ETI released a podcast about the paper that can be found here.
The Department of Defense (DoD) is tasked with fielding military systems that meet America’s national security needs. To do so, it constantly strives to strike a balance between fielding new capabilities while upgrading existing ones to provide the military with improved performance to keep pace with changing threats, or to integrate innovations generated by the private sector. However, the current state of defense microelectronics poses a significant challenge to modernizing defense systems efficiently in terms of cost, schedule, and distance from the microelectronics state of the practice on a variety of performance metrics.

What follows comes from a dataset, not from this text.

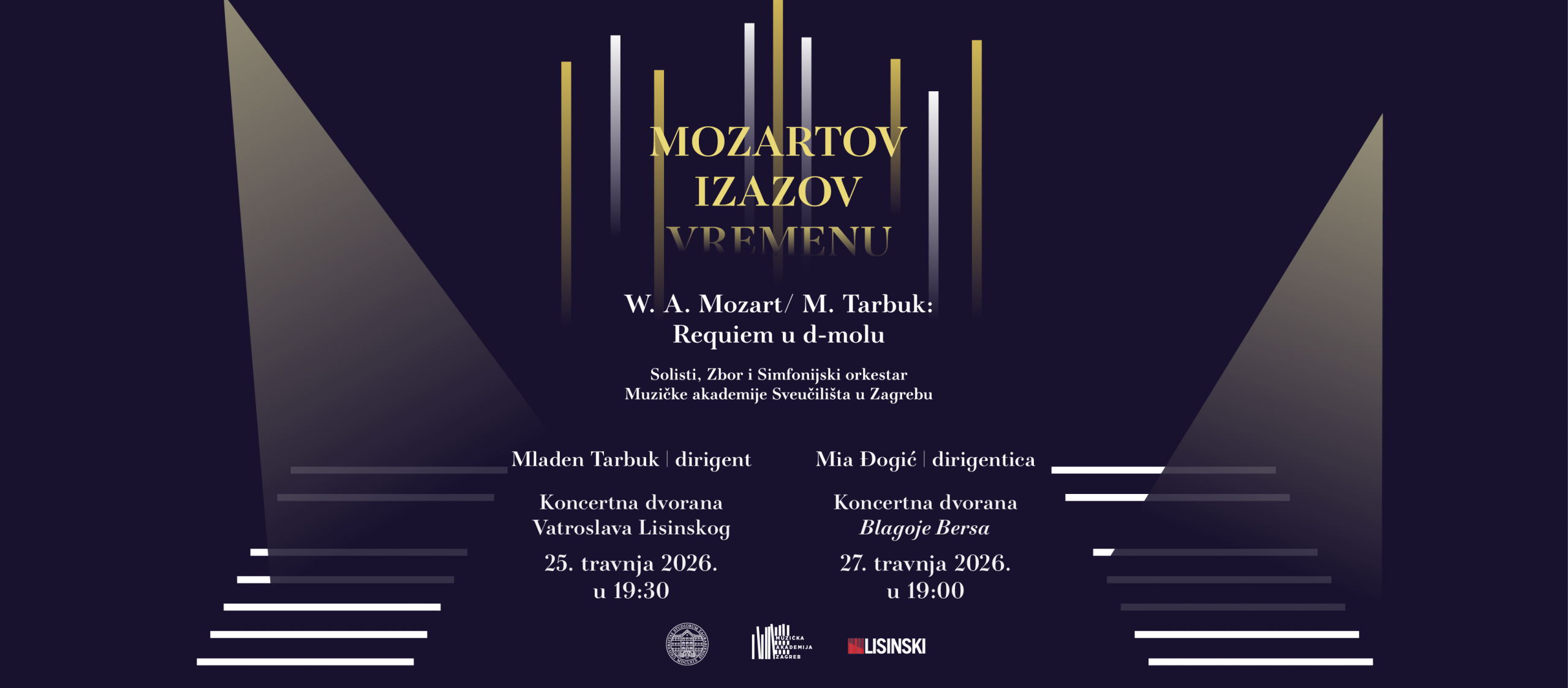 Wolfgang Amadeus Mozart / Mladen Tarbuk: Rekvijem u d-molu SOLISTI, ZBOR I SIMFONIJSKI ORKESTAR MUZIČKE AKADEMIJE SVEUČILIŠTA U ZAGREBU MIA ĐOGIĆ, dirigentica MIA VIDAKOVIĆ,... Više...

Such modernization upgrades must enhance mission capabilities, which may involve leveraging advanced microelectronics to reduce size, weight, and power (SWAP) while simultaneously boosting computational performance and speed. Effectively managing national security risks, tackling supply chain complexities, and addressing manufacturing and workforce requirements are all essential components of this endeavor. Achieving success necessitates close collaboration among various stakeholders within the DoD, scientific, and technological communities (including universities and federal research organizations), the defense industrial base, and the global commercial microelectronics sector.
To address these issues, the National Defense Industrial Association's (NDIA) Emerging Technologies Institute (ETI) convened a workshop on microelectronics modernization and conducted a series of research activities in support of this report. ETI conducted interviews with a host of subject matter experts with backgrounds ranging from a lifetime of service at the DoD, to commercial microelectronics industry veterans, to defense industrial base engineers and business executives.
ETI hopes that this report’s findings and recommendations foster a robust and constructive dialogue among stakeholders across the defense industrial base, the commercial microelectronics industry, academia, and the Department of Defense.